Беседа еще продолжалась долго, прокурор все уточнял и перепроверял, потом достал из сейфа заявление Матвеева, дал прочитать и попросил подтвердить.

Матвеев охватывал заводские дела широко, анализируя баланс, сравнивая доходы и расходы, цены и качество кирпича, снижение убытков и фактическую заводскую себестоимость, потери полезного времени, нарушения технологии и описывая факты невежества. Заявление занимало много страниц, увлекало глубиной экономических знаний, содержало много ссылок на документы, по-видимому, на те самые, за которыми охотились Валов и Артынов, но чтение этого значительного труда главбуха оставляло недоумение.

– Все правильно, все на месте, – подтвердил Корней, откладывая заявление в сторону, – а чего-то в нем не хватает.

– Чего же? – спросил прокурор. – Вы поможете выяснить?

– Вряд ли. Я не знаю!

Он мог бы, разумеется, кое в чем помочь разобраться или хотя бы просто сказать: «А почему? Почему все это происходит: приписки в отчеты, преднамеренное снижение затрат на производство, раздувание благополучия и вообще все, о чем пишет Матвеев? О чем спорят и по поводу чего ругаются косогорцы на оперативках, на собраниях? Почему?»

Прокурор смотрел ему прямо в лицо, но Корней, поколебавшись, все же не решился и повторил:

– Нет, я еще ничего не знаю…

– Вы будьте смелее, – подбодрил прокурор.

– Я не успел еще оглядеться на заводе как следует…

– Ну, что ж! – согласился прокурор. – Хотя бы и так. Осторожность не вредит. А если надумаете, приходите еще.

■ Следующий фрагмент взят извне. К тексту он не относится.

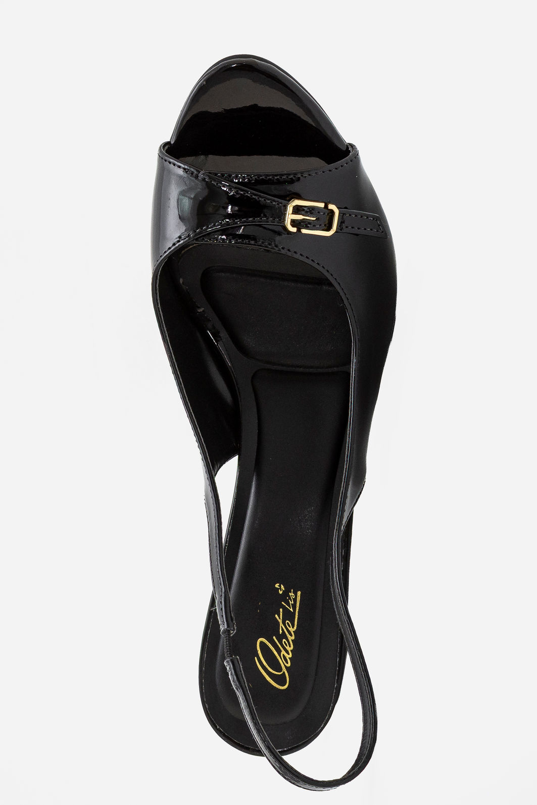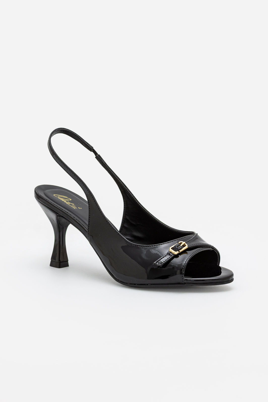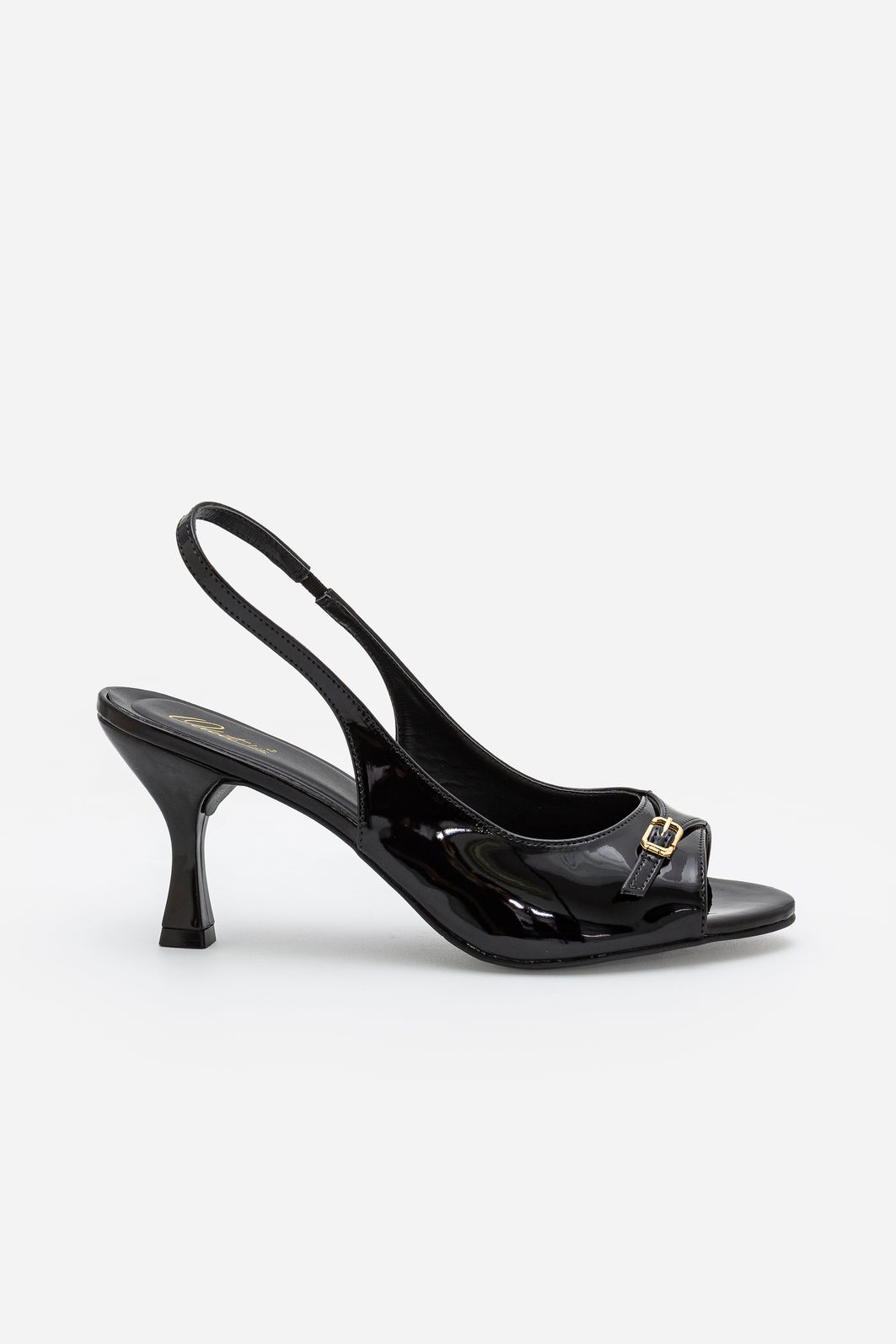 Com um equilíbrio perfeito entre sofisticação e modernidade, esta sandália em verniz preto é a escolha certa para elevar qualquer produção. O acabamento espelhado do verniz confere brilho elegante e presença marcante, enquanto o design de tiras finas e a fivela metálica na parte frontal adicionam um toque clássico e feminino.
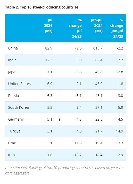 世界鋼鐵協(xié)會數(shù)據(jù)顯示,2024年7月全球71個納入世界鋼鐵協(xié)會統(tǒng)計(jì)國家的粗鋼產(chǎn)量為1.528億噸,同比下降4.7%。其中,中國粗鋼產(chǎn)量同比下降9.0%,降至8290萬噸。印度7月粗鋼產(chǎn)量為1230萬噸,同比增加6.8%;今年1-7月粗鋼產(chǎn)量為0.864億噸,同比增加7.2%。
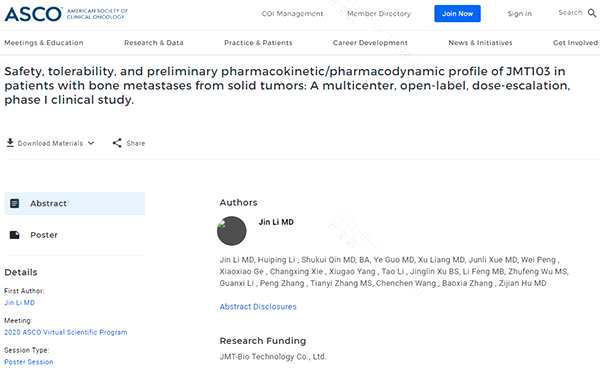 美國臨床腫瘤學(xué)會American Society of Clinical Oncology(ASCO)成立于1964年,是全球領(lǐng)先的腫瘤專業(yè)學(xué)術(shù)組織,旨在預(yù)防癌癥及改善癌癥服務(wù),本次年會是全球腫瘤領(lǐng)域最權(quán)威的學(xué)術(shù)交流盛會之一。在2020年ASCO年會中,集團(tuán)公布兩個(gè)創(chuàng)新藥的最新臨床試驗(yàn)結(jié)果(壁報(bào))。一項(xiàng)是鹽酸米托蒽醌脂質(zhì)體注射液用于晚期復(fù)發(fā)或轉(zhuǎn)移性乳腺癌患者的II期研究,一項(xiàng)是JMT103用于腫瘤骨轉(zhuǎn)移患者的I期研究。
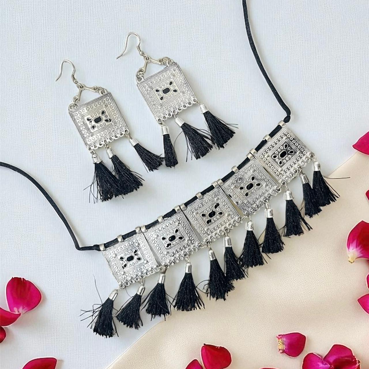 Be the first to review “Set of Black Tassel Silver Necklace & Earrings”
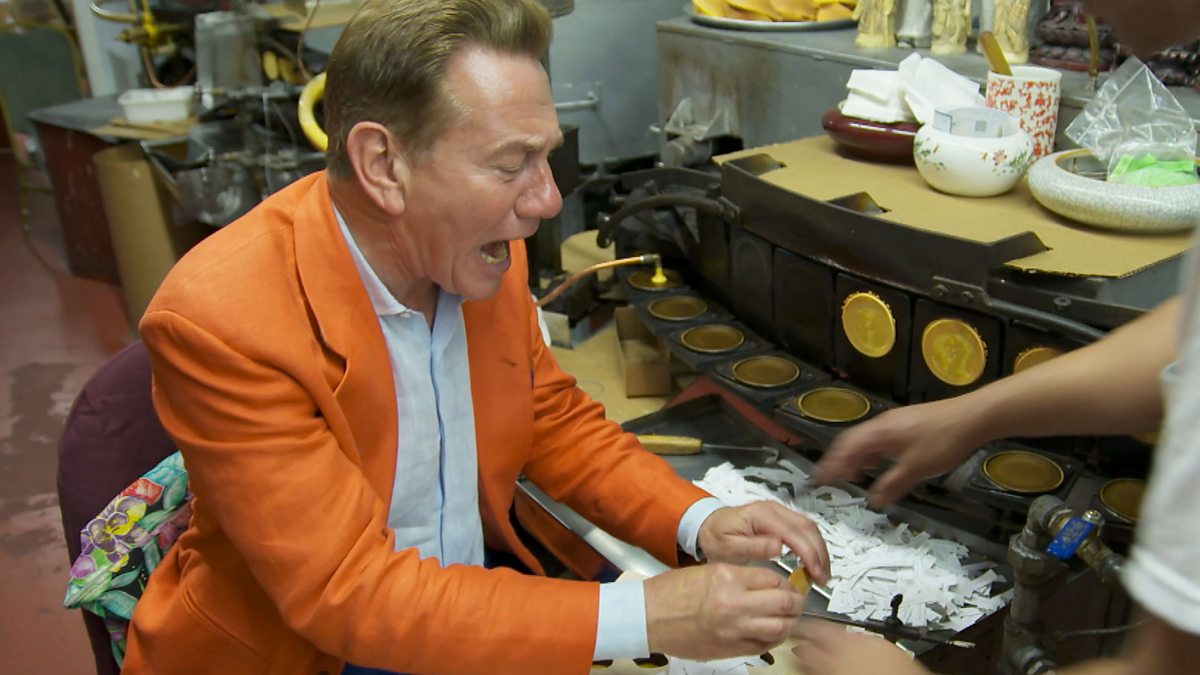 In Chinatown, Michael tries his luck folding fortune cookies fresh off the stove.

«Зачем еще раз приходить? С меня хватит, – как бы оправдываясь сам перед собой, подумал Корней уже в автобусе, по пути в Косогорье. – Чем дальше в лес, тем больше дров. Нет, с меня хватит пока что!»

Автобус остановился у конторы. Вечерело. Окна директорского кабинета плавились в багряных лучах заката.

С путей, от складской площадки, двинулся груженый состав.

Корней посмотрел на часы: уже время сменять на дежурстве Валова, мыкаться до утра. В обжиге опять произошел затор: с пылу, с жару, не давая остыть, кирпич грузили в вагоны.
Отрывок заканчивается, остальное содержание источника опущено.